- #1
TadeusPrastowo
- 21
- 0
Homework Statement
Proof the following:
[tex]\frac{\text{d}\boldsymbol\{\mathbf{I}\boldsymbol\}}{\text{d}t} \, \boldsymbol\omega = \boldsymbol\omega \times (\boldsymbol\{\mathbf{I}\boldsymbol\}\,\boldsymbol\omega)[/tex]

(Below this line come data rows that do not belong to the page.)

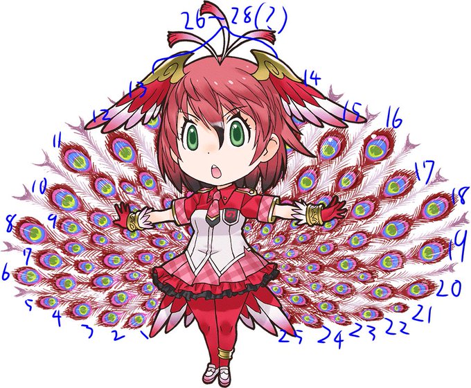 スザクの羽は25〜28本 瞳は85個以上(わからない) 薄い羽は15本ぐらい
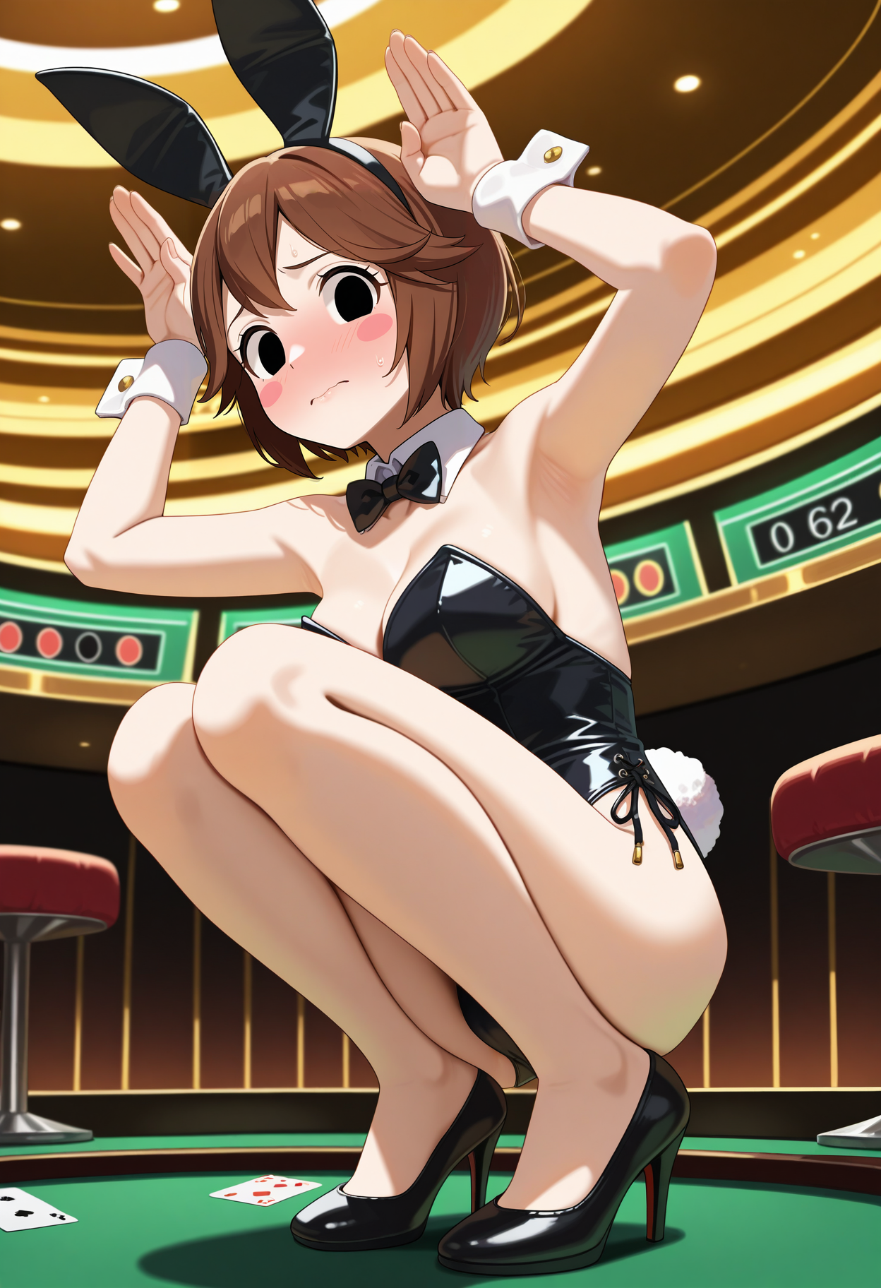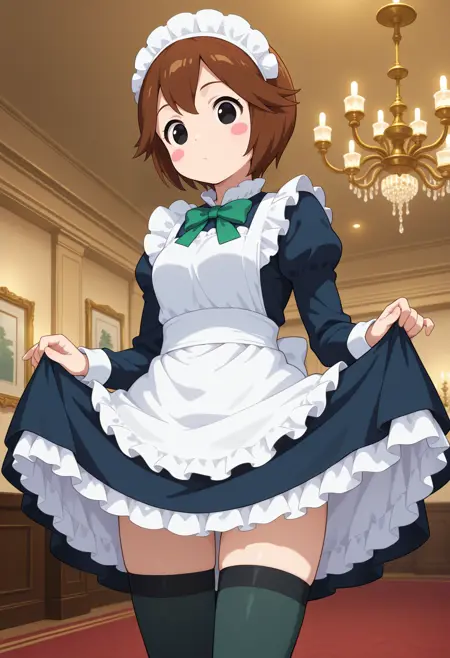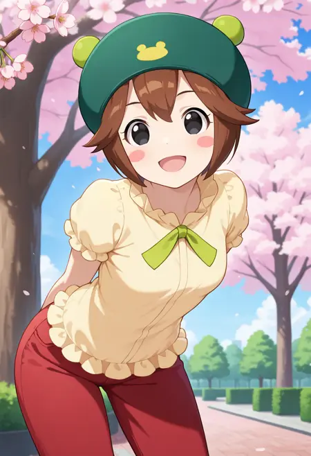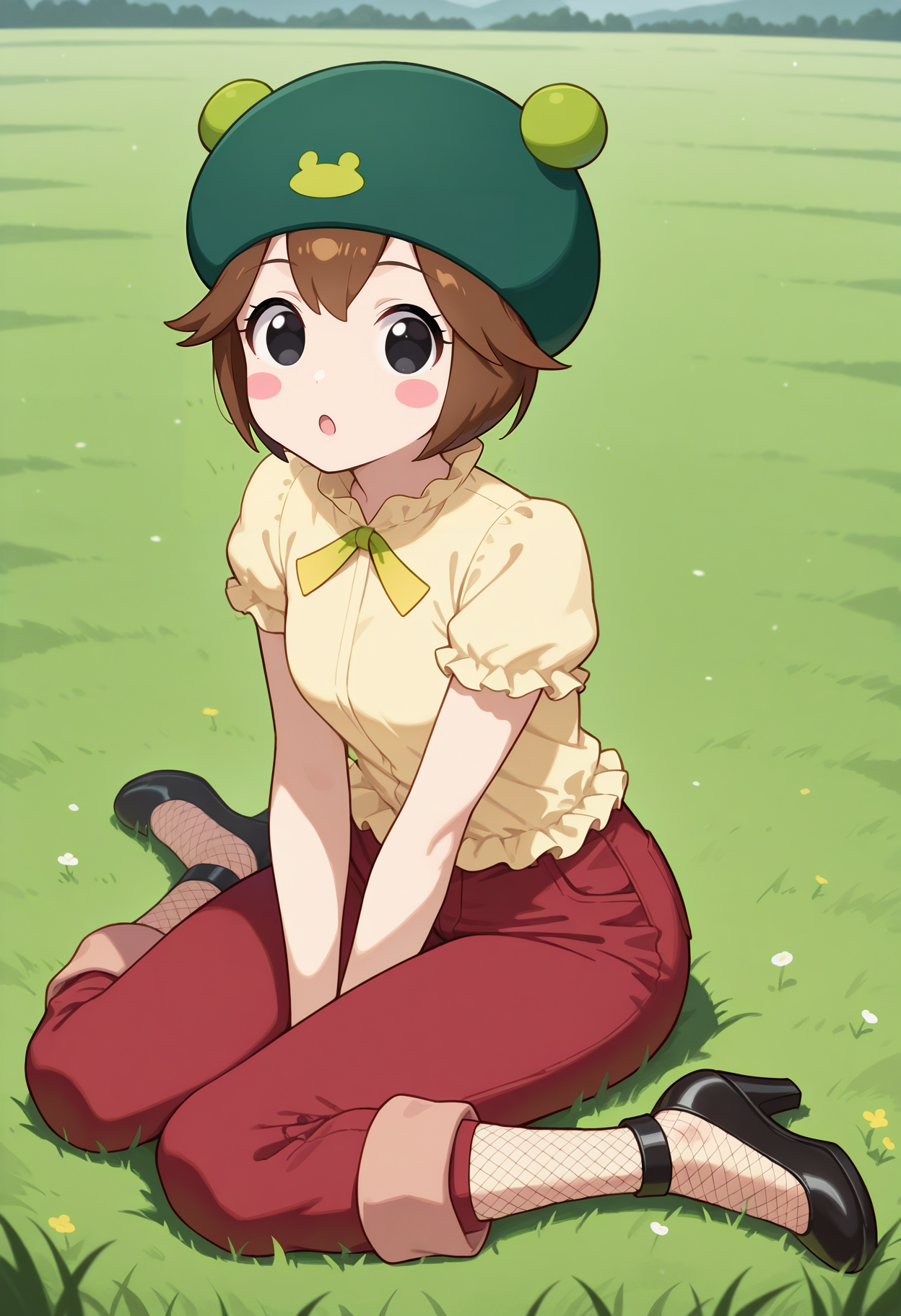 outfit2aakero, short hair, brown hair, hat, green headwear, black eyes, blush stickers, neck ribbon, frills, yellow shirt, short sleeves, red pants
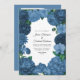 Invitation Dusty Blue Floral Photo and QR Code Wedding
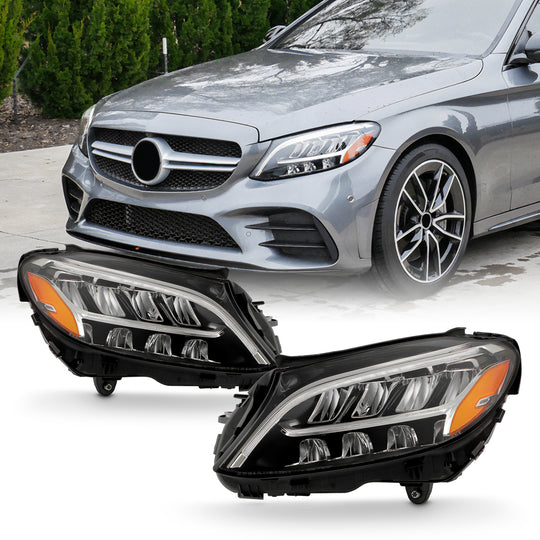 AKKON - Fit 2019 2020 2021 Mereceds Benz W205 19-21 C300 C43 AMG Full LED Non-AFS Projector Headlight Headlamp OE Style Driver - Passenger Direct Replacement
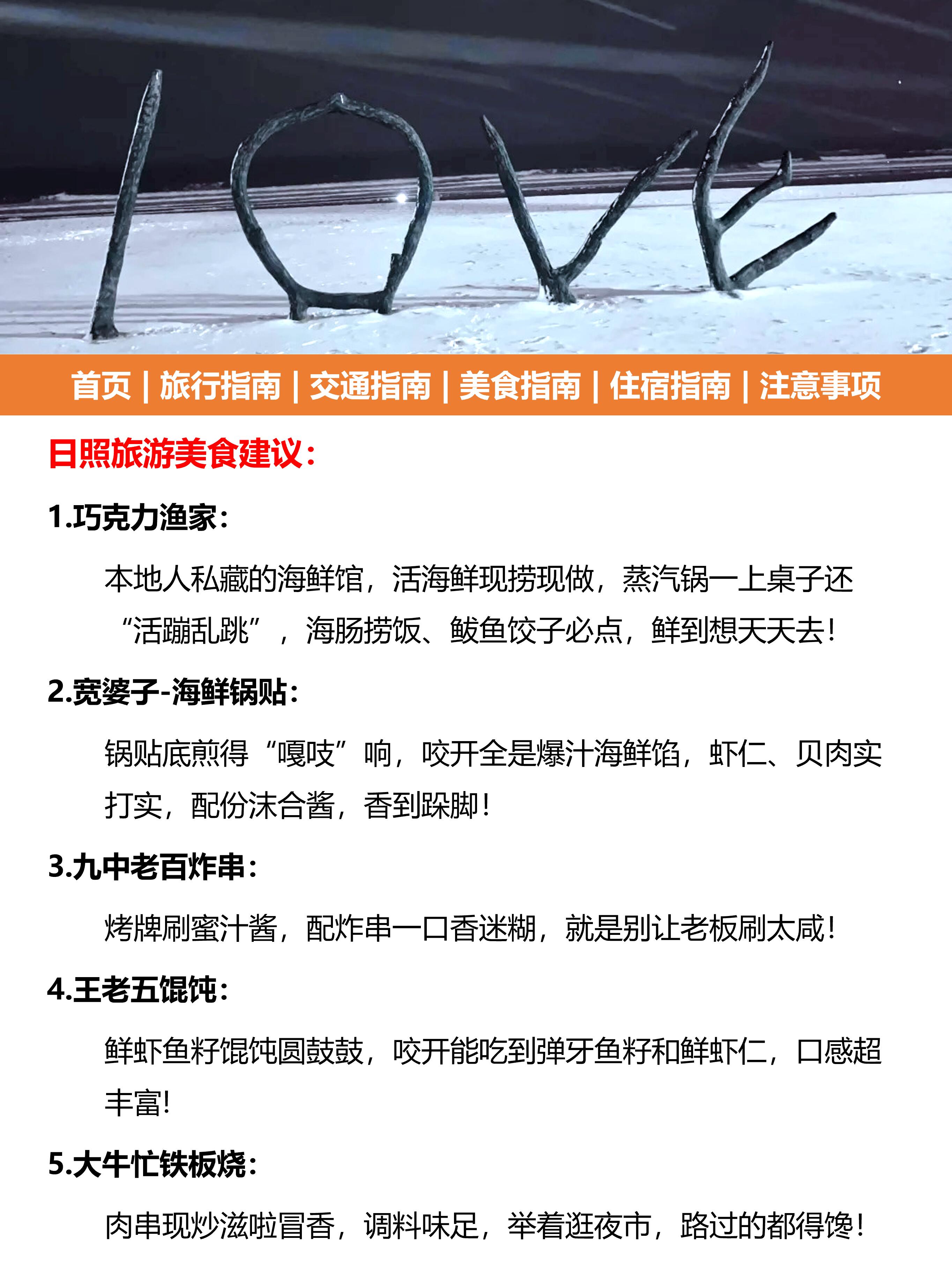 7.冬天季节部分景点开放时间可能调整,建议出行前查询最新信息日照地区公交末班车时间较早,请合理安排返程
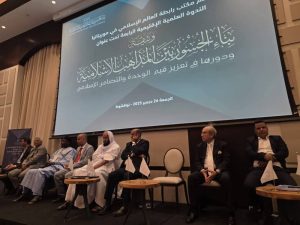 ودورها في تعزيز قيم الوحدة والتضامن الأسلامي وقد شارك في الندوة العديد من العلماء والفقهاء وممثل الامين العام لرابطة العالم الاسلامي

where [itex]\boldsymbol\{\mathbf{I}\boldsymbol\}[/itex] is a tensor: [tex]\boldsymbol\{\mathbf{I}\boldsymbol\} = \begin{bmatrix}
I_{1,1} & I_{1,2} & I_{1,3} \\
I_{2,1} & I_{2,2} & I_{2,3} \\
I_{3,1} & I_{3,2} & I_{3,3} \\
\end{bmatrix}[/tex]
with [itex]\text{I}_{i,j}[/itex] as the following:
[tex]\text{I}_{i,j} = \delta_{i,j} \sum_k r_k^2 - r_i\,r_j[/tex]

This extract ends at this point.